Mengenang Mohammad-Reza Hakimi, Filsuf dan Cendikiawan Iran
(last modified Wed, 01 Sep 2021 16:54:13 GMT )
Sep 01, 2021 23:54 Asia/Jakarta
  • Mohammad-Reza Hakimi
    Mohammad-Reza Hakimi

Mohammad-Reza Hakimi, ulama dan pejuang Syiah, filsuf, cendikiawan dan pemikir Iran meninggal dunia pada 22 Agustus 2021 karena serangan jantung dan COVID-19.

Kanal Telegram Allamah Mohammad-Reza Hakimi seraya mengumumkan berita kematian cendikiawan besar ini menulis, “Ia yang ingin menjadi cakrawala untuk mengairi gurun yang haus dan mempesona harapan putus asa, akhirnya memenuhi panggilan sang pencipta.”

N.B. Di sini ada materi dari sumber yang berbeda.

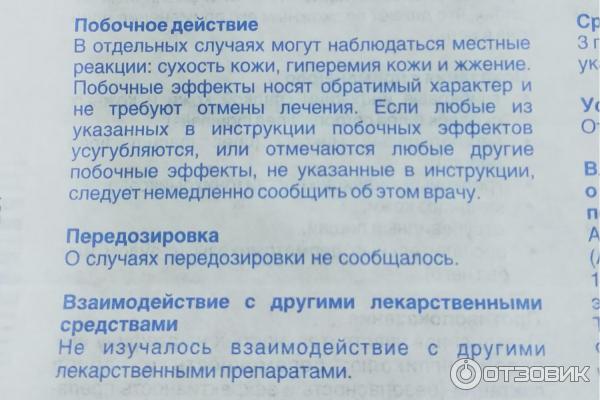 Побочное действие Могут наблюдаться реакции в месте применения: сухость кожи, гиперемия кожи и жжение . Побочные эффекты носят обратимый характер и не требуют отмены лечения .

“Suatu hari kita lahir dan suatu hari kita mati. Ini adalah sisi kesamaan seluruh manusia dan juga seluruh alam semesta; Namun kehidupan nyata tidak terbatas pada fisik dan memiliki sisi yang lain. Saat mempelajari kehidupan orang-orang besar, kita harus memperhatikan poin ini. Setiap manusia memiliki awal dan akhir. Mulai dari anak-anak kemudian menjadi pemuda, paruh baya dan tua. Ini adalah siklus seluruh manusia yang terus terulang. Ini adalah kehidupan zahir dan bentuk zahir kehidupan. Di balik siklus alami ini, ada bentuk lain dari suluk jiwa setiap individu yang membawanya ke kematian abadi atau kehidupan abadi. Meskipun kehidupan spiritual lahiriah dan perilaku spiritual saling terkait, yang pertama berakhir dengan kematian tubuh dan yang terakhir adalah abadi. "Standar hidup tidak terlalu terhormat, jika kedalamannya tidak terhormat."

Mohammad-Reza Hakimi

Ini adalah cuplikan dari tulisan Almarhum Mohammad-Reza Hakimi, cendikiawan dan filsuf Khurasan sebelum ia menghembuskan nafasnya yang terakhir. Di dikenal dengan berbagai sebutan seperti Allamah, Ustadz (guru), Filsuf Keadilan dan Penjaga Tauhid.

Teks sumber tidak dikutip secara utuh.